Поэтому и гости переговаривались вполголоса, все время поглядывая, не проснулся ли больной, не засыпает ли, чтобы сразу же приглушить слова, — пусть звучат не громче жужжания мух вокруг люстры. Ратс-секретарь фон Битнербиндер, как ближайший друг Альтхофа, а также как старший из гостей, устроился подле столика у кровати, где стояла большая посудина с целебным питьем и миниатюрная фарфоровая чашка. Он взял на себя обязанность следить и сообщать, когда больной забывается. Сам он говорил немного, больше слушал и неведомо почему все время разглядывал, точно впервые увидел его, семейный портрет Альтхофа и его покойной супруги, висевший в золоченой овальной раме между двумя окнами. Они были изображены уже на половине жизненного пути: он с гладким лицом, в твердом воротничке поверх бархатного кафтана и в светлом парике до плеч; у госпожи Альтхоф голые плечи, нос с врожденной прусской горбинкой, лицо надменное и холодное. Кое-что от матери унаследовала и Хильда.

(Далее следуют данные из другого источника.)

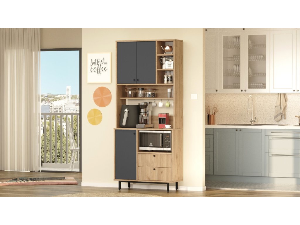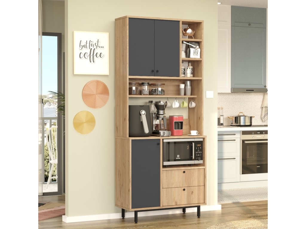 – Vysoká policová skříň na mikrovlnku s víceúčelovým designem

За маленьким инкрустированным столиком сидел советник консистории, теолог, учитель и писатель Рейнерт, недавно перенесший чуму, еще довольно слабый и бледный, но зато куда более разговорчивый, чем прежде. Вторым был член Большой гильдии, оптовый торговец пенькой Миквиц, даже в голодные годы не утративший солидной полноты и истинно юношеского румянца. Разговор как раз шел о чуме — это была главная тема, стоило только двум-трем бюргерам собраться вместе, да и Альтхоф любил послушать разговор о чуме, точно сам был здоров и ему ничто не угрожало. Миквиц говорил, разводя руками и потея от усилия приглушить трескучий голос:
— Утром звонили и вот опять звонят — один за другим умирают, скоро нам всем каюк. Жители предместий подохли под стенами, теперь наш черед. В церквах уже трупы некуда сваливать, да и на кладбищах скоро негде будет приткнуться. Одного я боюсь, как бы не бросили меня где-нибудь в навозную кучу посреди улицы, псам да крысам на поживу.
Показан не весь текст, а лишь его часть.